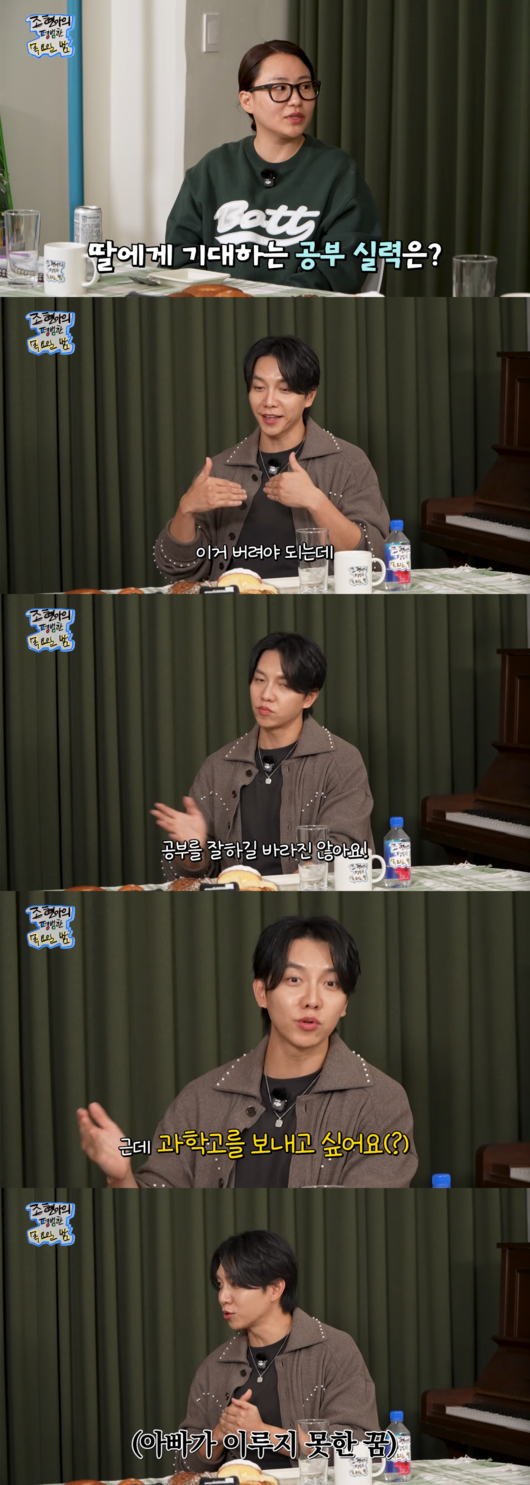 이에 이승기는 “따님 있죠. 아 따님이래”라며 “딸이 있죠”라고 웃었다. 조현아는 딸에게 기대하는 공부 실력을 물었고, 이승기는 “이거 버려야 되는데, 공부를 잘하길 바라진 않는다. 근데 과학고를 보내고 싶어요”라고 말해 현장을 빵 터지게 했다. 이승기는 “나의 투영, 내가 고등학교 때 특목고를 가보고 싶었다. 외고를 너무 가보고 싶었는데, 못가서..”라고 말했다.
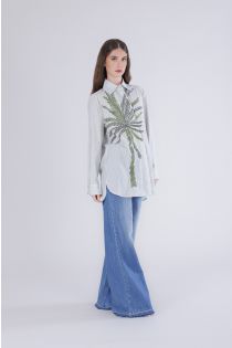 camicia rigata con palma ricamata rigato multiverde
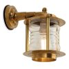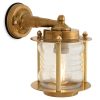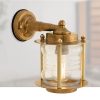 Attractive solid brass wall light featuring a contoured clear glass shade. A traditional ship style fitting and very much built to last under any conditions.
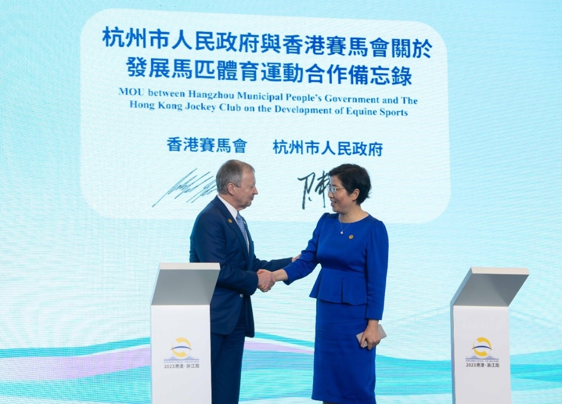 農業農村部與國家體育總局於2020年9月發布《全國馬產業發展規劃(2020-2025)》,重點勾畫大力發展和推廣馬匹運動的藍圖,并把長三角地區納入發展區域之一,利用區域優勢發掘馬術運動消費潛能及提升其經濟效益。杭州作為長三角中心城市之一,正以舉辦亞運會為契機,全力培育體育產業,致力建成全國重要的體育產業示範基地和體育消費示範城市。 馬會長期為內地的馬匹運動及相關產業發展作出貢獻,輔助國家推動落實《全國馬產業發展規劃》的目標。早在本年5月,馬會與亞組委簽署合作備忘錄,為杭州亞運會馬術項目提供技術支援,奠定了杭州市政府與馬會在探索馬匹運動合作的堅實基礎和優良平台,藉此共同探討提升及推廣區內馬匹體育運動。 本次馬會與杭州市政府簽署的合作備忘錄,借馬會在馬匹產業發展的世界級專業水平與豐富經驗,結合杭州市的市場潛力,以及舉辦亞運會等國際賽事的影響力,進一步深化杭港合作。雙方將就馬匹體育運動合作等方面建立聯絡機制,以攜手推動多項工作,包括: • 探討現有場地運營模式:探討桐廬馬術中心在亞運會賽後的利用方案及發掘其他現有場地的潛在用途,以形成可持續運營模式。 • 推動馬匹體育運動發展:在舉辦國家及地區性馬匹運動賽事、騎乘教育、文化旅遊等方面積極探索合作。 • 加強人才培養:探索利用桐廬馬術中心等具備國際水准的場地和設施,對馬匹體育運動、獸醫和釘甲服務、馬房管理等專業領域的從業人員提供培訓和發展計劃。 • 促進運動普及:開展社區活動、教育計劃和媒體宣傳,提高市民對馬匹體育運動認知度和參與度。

━━━━━━━━

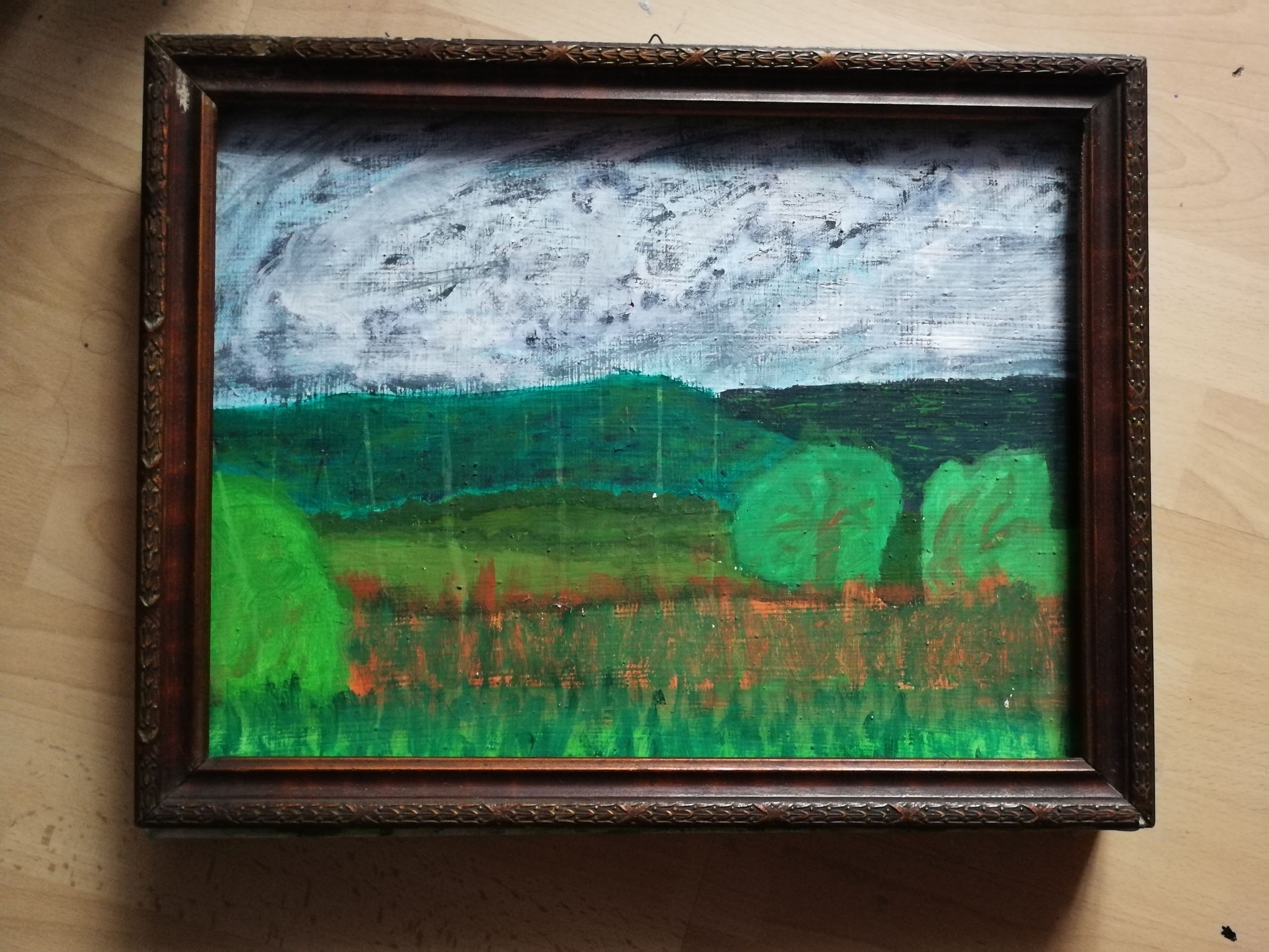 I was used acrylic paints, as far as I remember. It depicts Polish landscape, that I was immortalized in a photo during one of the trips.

━━━━━━━━

- _HOW TO COMPLETE THIS TASK_: Pictures in the entries do not go into the copy. Print only the lines starting at the one containing "camicia rigata con" and ending at the one containing "Attractive solid brass", exactly as they appear.

- _RESULT OF THE TASK_:
 camicia rigata con palma ricamata rigato multiverde
 Attractive solid brass wall light featuring a contoured clear glass shade. A traditional ship style fitting and very much built to last under any conditions.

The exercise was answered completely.